▶ [Stored data]:
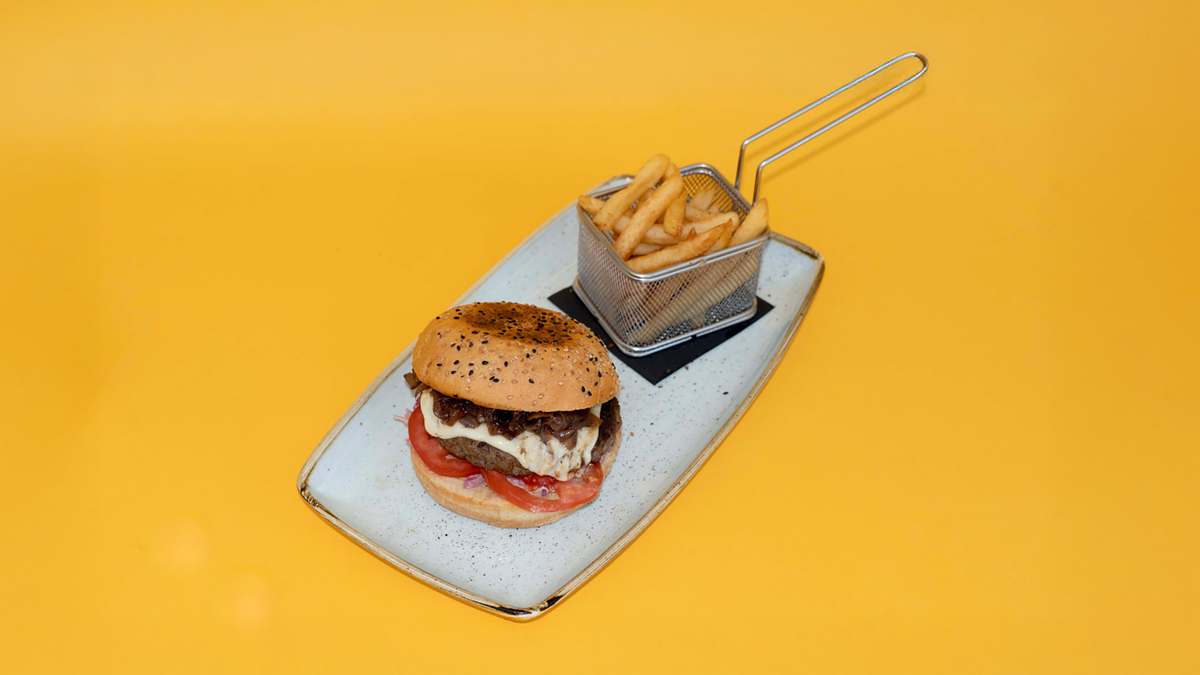 Brioche bun, lettuce, tomatoes, caramelized onions, and cheese
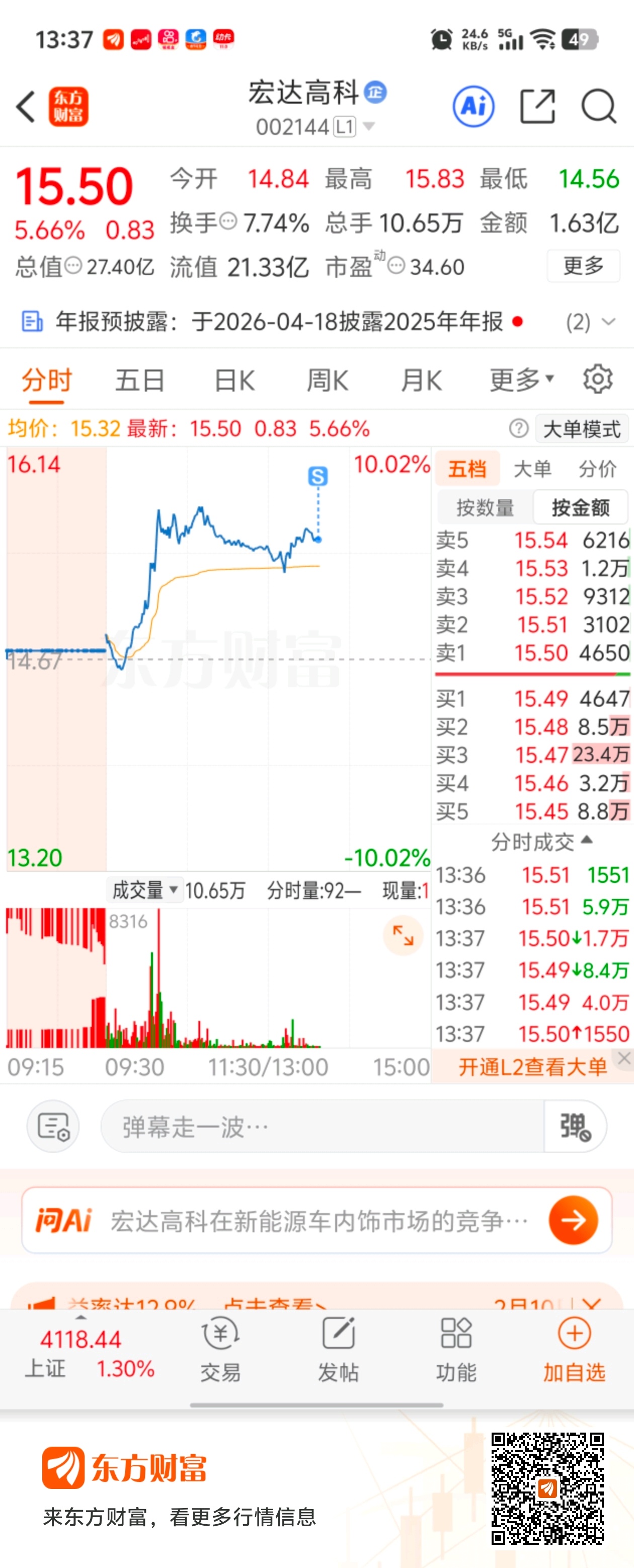 温馨提示: 1.根据《证券法》规定,禁止编造、传播虚假信息或者误导性信息,扰乱证券市场;2.用户在本社区发表的所有资料、言论等仅代表个人观点,与本网站立场无关,不对您构成任何投资建议。用户应基于自己的独立判断,自行决定证券投资并承担相应风险。《东方财富社区管理规定》
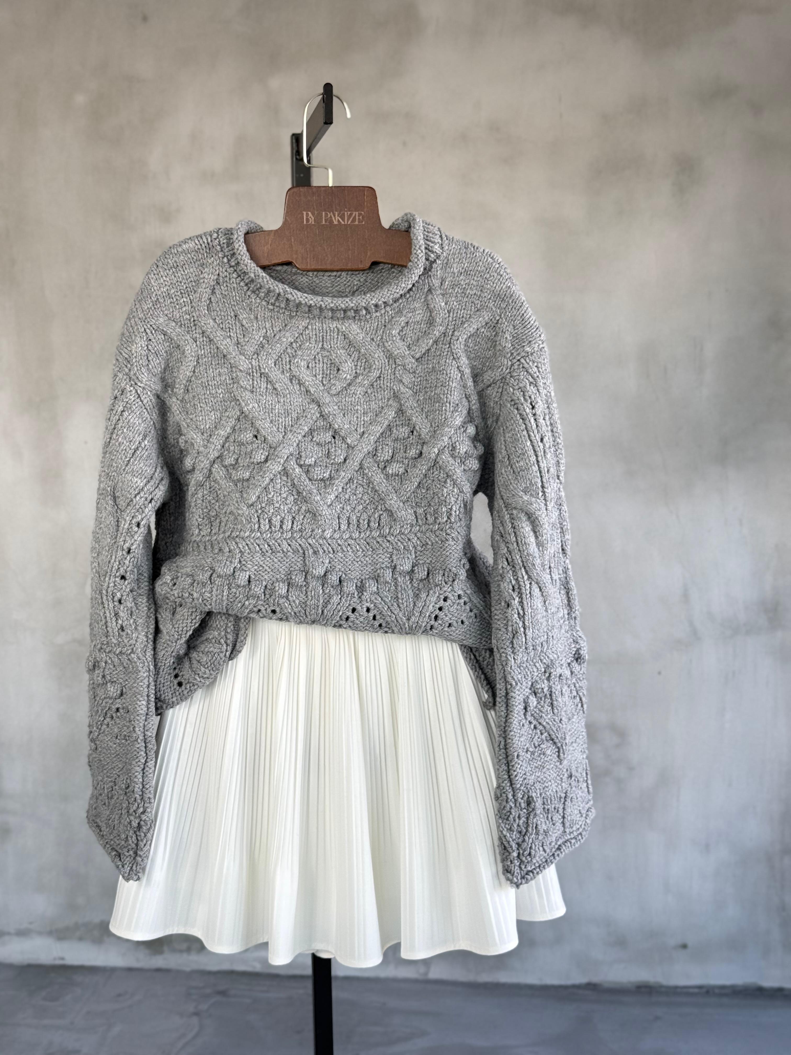 Kalın dokulu, kabartmalı örgü detaylarıyla hem sıcak tutar hem de tarzınıza zarif bir dokunuş katar.
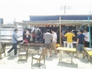 今日の福岡は、志賀島にて……来店型・大手保険代理店グループ様による、海の家を利用しての毎年恒例の社員バーベキュー大会です。
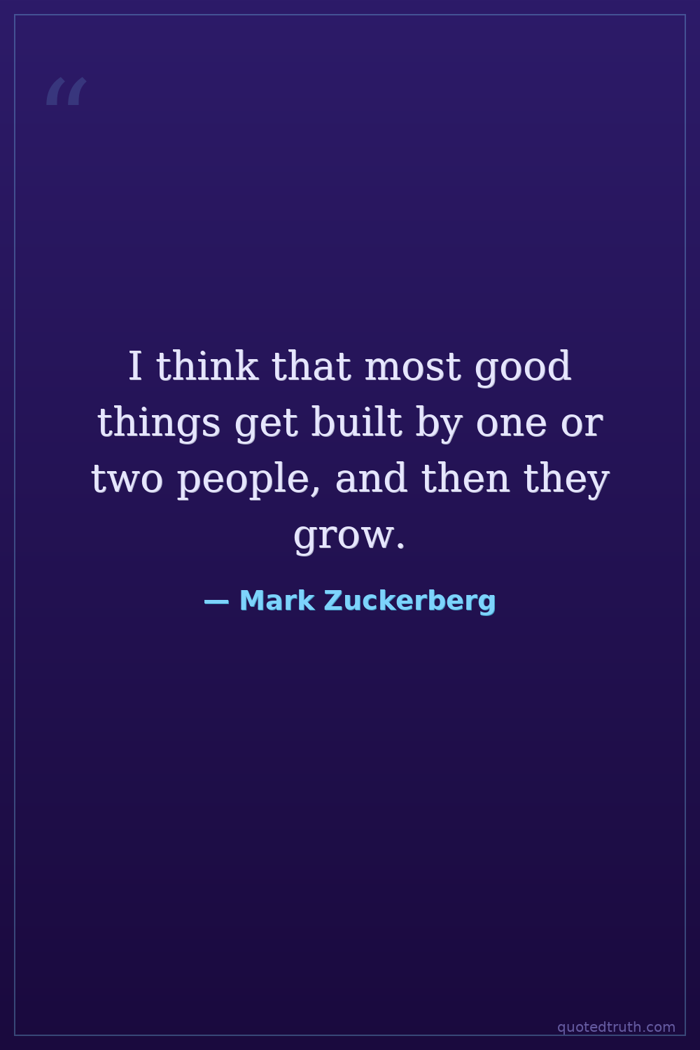 I think that most good things get built by one or two people, and then they grow.

▶ [Work to be completed]: Copy out, exactly and without pictures, each line from the one containing "温馨提示: 1.根据《证券法" through the final line of the entries, both ends included.

▶ [Your response]:
 温馨提示: 1.根据《证券法》规定,禁止编造、传播虚假信息或者误导性信息,扰乱证券市场;2.用户在本社区发表的所有资料、言论等仅代表个人观点,与本网站立场无关,不对您构成任何投资建议。用户应基于自己的独立判断,自行决定证券投资并承担相应风险。《东方财富社区管理规定》
 Kalın dokulu, kabartmalı örgü detaylarıyla hem sıcak tutar hem de tarzınıza zarif bir dokunuş katar.
 今日の福岡は、志賀島にて……来店型・大手保険代理店グループ様による、海の家を利用しての毎年恒例の社員バーベキュー大会です。
 I think that most good things get built by one or two people, and then they grow.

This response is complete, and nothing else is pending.